In this captivating and philosophical film, actor and playwright Wallace Shawn sits down with theater director friend André Gregory at a restaurant on New York’s Upper West Side, and the pair proceed through an alternately whimsical and despairing confessional about love, death, money and all the superstition in between. Playing variations on their own New York–honed personas, Shawn and Gregory, who also cowrote the screenplay, dive in with introspective intellectual gusto, and Malle captures it all with a delicate, artful detachment.
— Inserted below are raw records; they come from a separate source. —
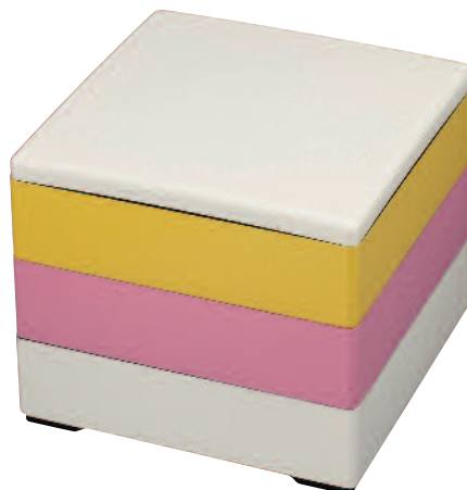
J7-1-7 6.5寸重 洋緞帳 (内黒) H-154-27 (19.6×19.6×16.4) 身の内寸(18.8×18.8×4.7) 蓋 アイボリー (内黒) ¥450 身 イエロー (内黒) ¥480 身 ピンク (内黒) ¥480 身 アイボリー (内黒) ¥480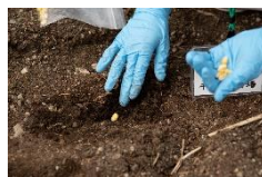
デントコーンの種まきや石拾い等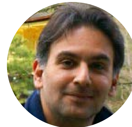
CUARENTA AÑOS DE APERTURA LA NUEVA NAO ALFONSO ARAUJO

China celebra este año el 40 aniversario de la inauguración de su Política de Apertura Económica. Por esa política, China finalmente rompió el ensimismamiento en que había estado durante un periodo de casi tres décadas dominado por factores ideológicos y con graves repercusiones económicas.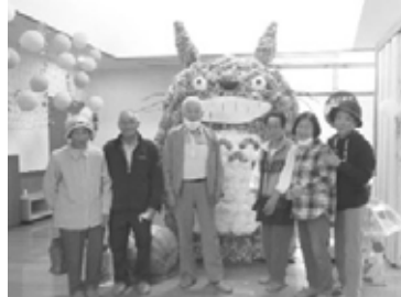
▲来て見てなんでも作品展 (金城)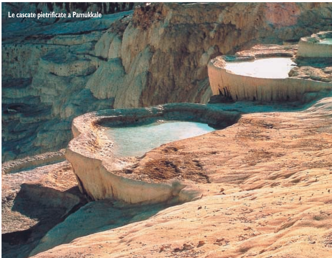
Le cascate pietrificate a Pamukkale

grandi terme di Hierapolis, città-necropoli romana fondata nel II secolo a.C. Dopo una breve visita di Afrodisia, anch'essa importante per essere stato uno dei maggiori centri termali greco-romani, ma nel cui sito archeologico predomina soprattutto l'immenso stadio, raggiungiamo la cittadina di Efeso, che ha saputo proteggere la sua splendida architettura dedicata alla dea Artemide, risalente al III secolo.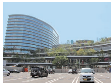
サクラマチクマモト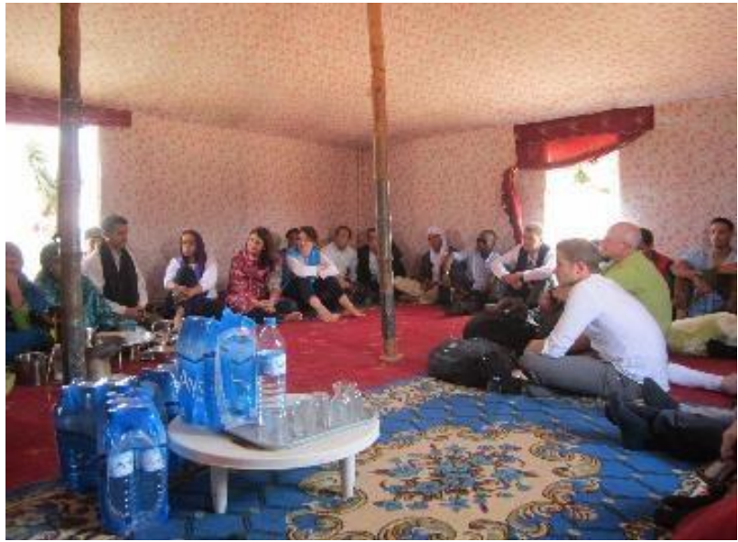
لقاء الجهات المانحة مع اللاجئين في مخيم الداخلة خلال البعثة المتعددة الجهات المانحة في مايو/أيار

تعرب المفوضية عن امتنانها للدعم المهم الذي قدمته الجهات المانحة التي ساهمت في تنفيذ العملية فضلاً عن الجهات التي ساهمت في برامج المفوضية من خلال تقديم الأموال غير المخصصة والمخصصة على نطاق واسع. والجهات المانحة للمساهمات غير المقيدة والإقليمية في عام 2015 هي: الولايات المتحدة الأمريكية (133 مليون) | السويد (80 مليون) | المملكة المتحدة (53 مليون) | هولندا (45 مليون) | النرويج (44 مليون) | الدانمارك (28 مليون) | أستراليا (24 مليون) | الجهات المانحة الإنسانية (22 مليون) | اليابان (18 مليون) | سويسرا (16 مليون) | فرنسا (14 مليون) | كندا (11 مليون) | ألمانيا (11 مليون)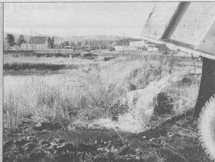
В городе объявлен режим ЧС. ЖБО сливаются прямо на землю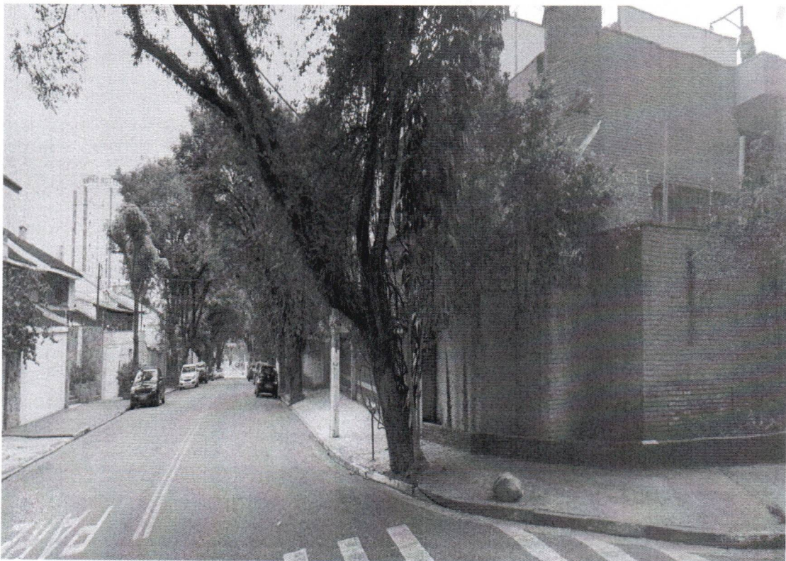
Rua Oswaldo Russi, 161 - Chacara Inglesa - Bairro Centro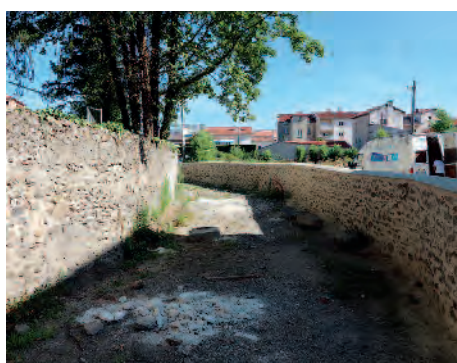
Chemin des Petits Jardins en cours d'aménagement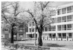
高田中央女子高等学校 (昭和53年4月~) 関根学園高等学校(西城校舎) (中央女子 校舎)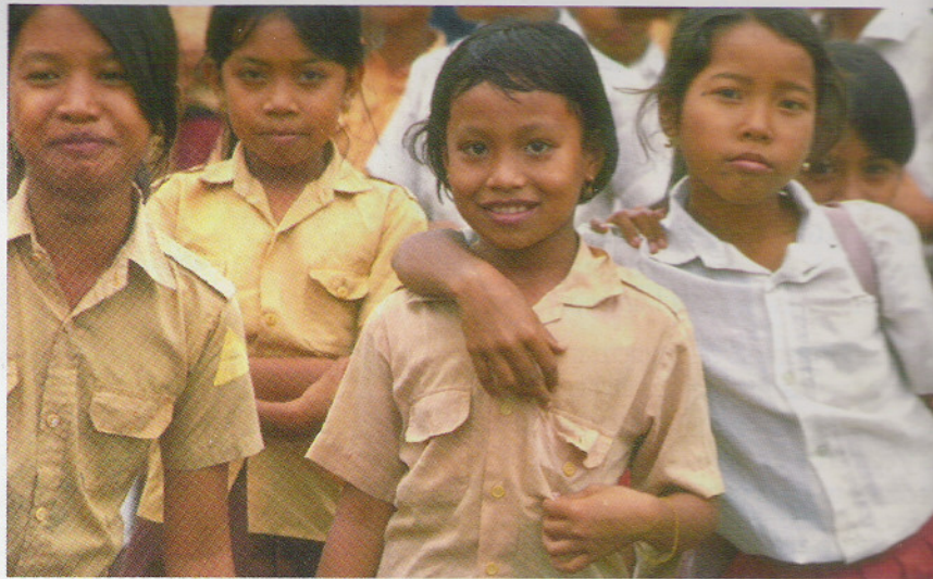
La tendencia de la natalidad, es típica de la fase I, según la transición demográfica.

En Europa occidental, especialmente, durante los siglos XIX y XX, bajo el auge del desarrollo industrial, se presentó una tendencia de crecimiento de la población que generó una especie de modelo, llamado transición demográfica. Este "modelo" sobre el movimiento de la población consiste en el desarrollo inverso entre las curvas de natalidad y mortalidad en el tiempo: la natalidad tiende a disminuir y la mor-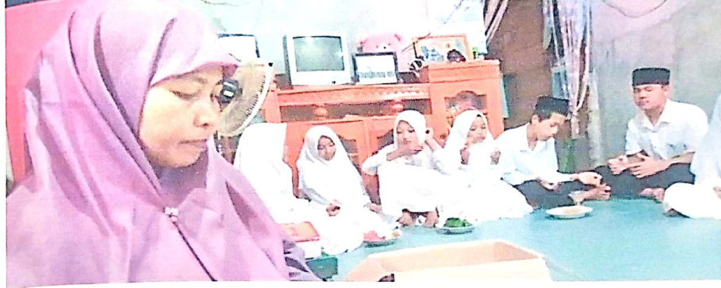
Telah Terlaksanakan Khotaman Quran TPQ Al-Hafidz Desa Sidodadi Kec. Pondok Kelapa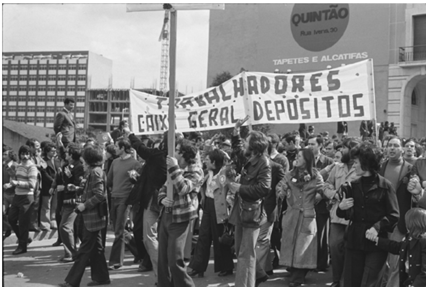
Figura 16 1.º de Maio de 1974: [trabalhadores da Caixa Geral de Depósitos]. Negativo de gelatina e prata em acetato de celulose, 35mm em tira.

Praça Francisco Sá Carneiro (Lisboa), 1974-05-01. António Sampaio Teixeira (1911-1998). PT/AMLSB/SAM/000790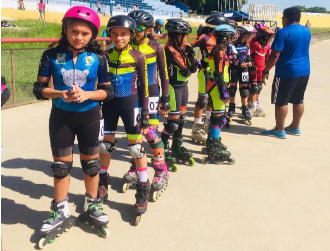
Unsere Mannschaft nimmt Aufstellung

„Am Sonntag, den 27. Oktober war unsere Inliner-Gruppe zu einem Wettbewerb nach San Miguel eingeladen. Wir hatten hierzu 15 Kinder angemeldet, 12 Jungs und 3 Mädchen. Außerdem begleiteten uns noch zwei Mütter und unser Trainer, so dass es in dem Kombi, (etwa so groß wie der legendäre Bulli), doch recht eng zuging. Wir fuhren um sechs Uhr früh los, da es, wegen mehrerer Baustellen unterwegs, immer zu langen Staus kommt.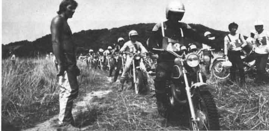
一人ずつ順序よくトライ開始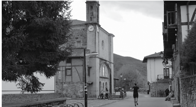
Donostiako Udalarekin batera Herri Batzarraren eraginkortasunari buruzko gogoeta bat egitearen alde agertu zen Usurbilgoa.

Donostiako Udalarekin batera Herri Batzarraren eraginkortasuna gogoeta bat egitearen alde agertu zen. “Balía dezagun aukera hau guk ere etxeko lan horiek egiteko”. Usurbilgo Udaletik laster, alkateak iragarri zuenez, “gogoeta bat abiatu nahi dugu udal barruan auzo ordezkariekin batera, udal eta auzo zein herrien arteko funtzionamendua iraunkortu, egonkortu eta arautzeko”. Helburu argia du Udalak: “auzo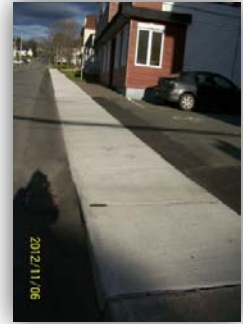
Trottoirs côte Taschereau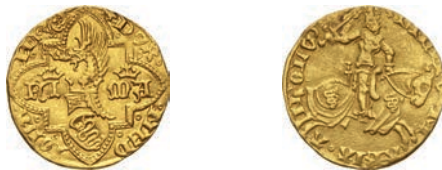
300. MILANO FILIPPO MARIA VISCONTI (1412-1447) Fiorino s.d. D/ Il Duca a cavallo con spada sguainata R/ Scudo inclinato sormontato da elmo con cimiero del drago; il tutto entro cornice. Crippa 1 MIR 150 Au g 3,49 Rara BB 600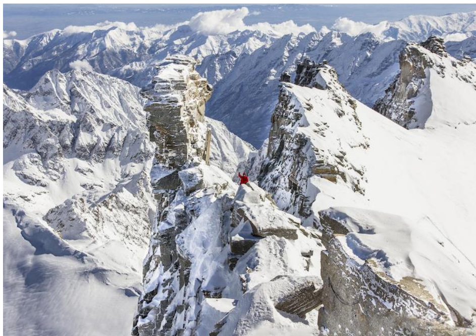
Confini, Cima Gran Paradiso

Le competenze così acquisite saranno poi messe alla prova sul campo durante le ascensioni delle settimane successive.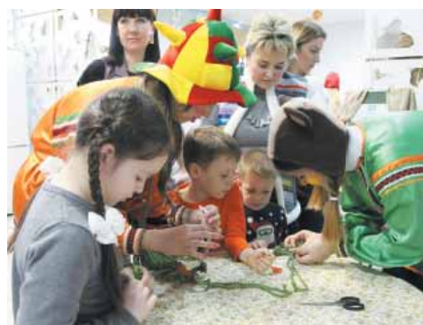
Творчество на площадке «Посиделки»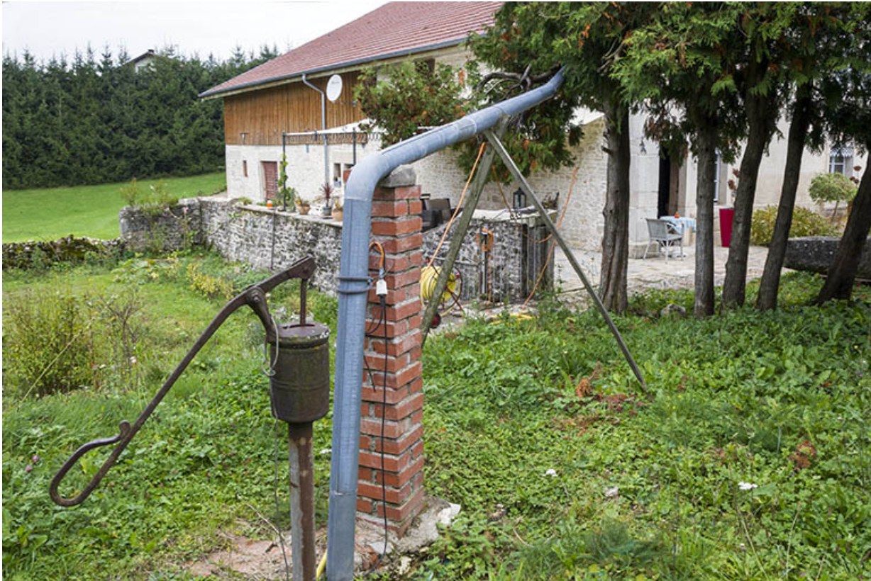
Citerne, pompe et tuyau d'amenée d'eau.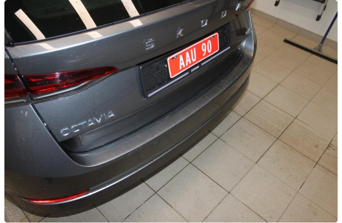
1.4 En del sår/riper på lastekant.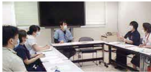
初期集中支援会議

A 老化によるもの忘れは体験の一部を忘れませんが、「認知症によるもの忘れ」は体験の全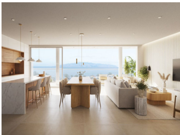
Vistas a la cocona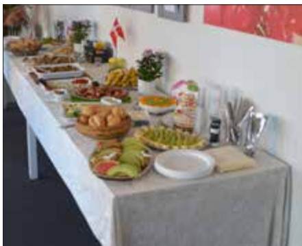
Herlev Lænkens frivillige bød på god mad i dagens anledning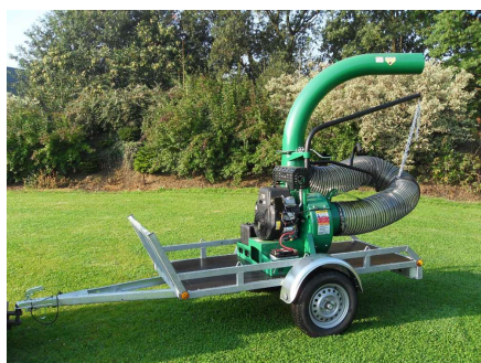
Remorque plateau de charge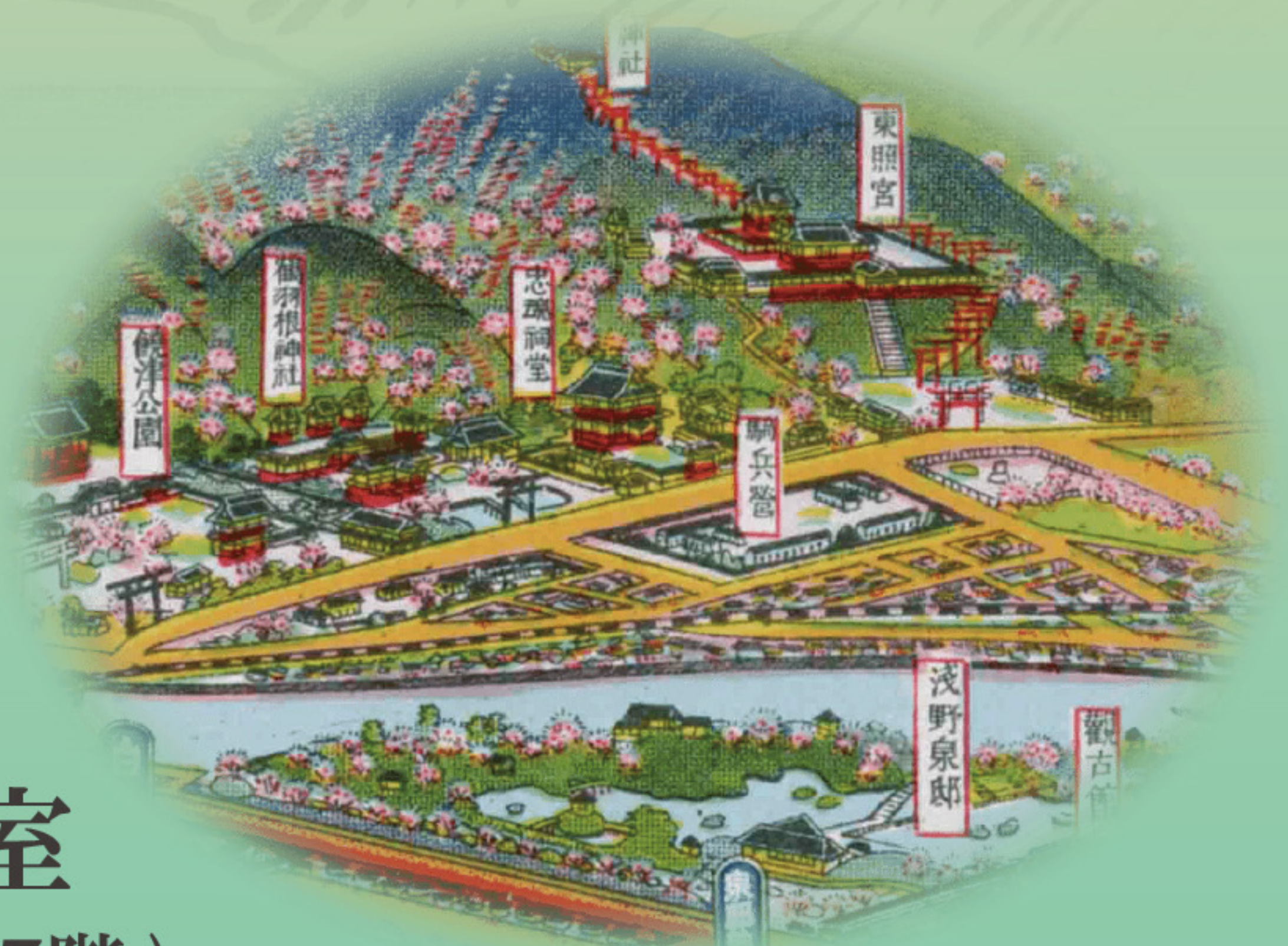
「宮島広島名所交通図絵」より

A fascinating freeze-frame of cosmopolitan culture, MY DINNER WITH ANDRÉ remains a unique work in cinema history.


ELEVATOR TO THE GALLOWS
ASCENSEUR POUR L’ECHAFAUD
1958, Rialto Pictures, 91 min, France, Dir: Louis Malle

“I knew I loved you, but I thought only of myself,” murmurs gorgeous Jeanne Moreau - after setting in motion a murderous plot involving her fat-cat husband, a young intelligence officer (Maurice Ronet) and some of the darkest twists and turns in French cinema. Made when Malle was only 25 years old, this film helped jump-start the French New Wave. The dazzling cinematography of Henri Decaë (who also shot THE 400 BLOWS) is enhanced by Miles Davis’ haunting jazz score.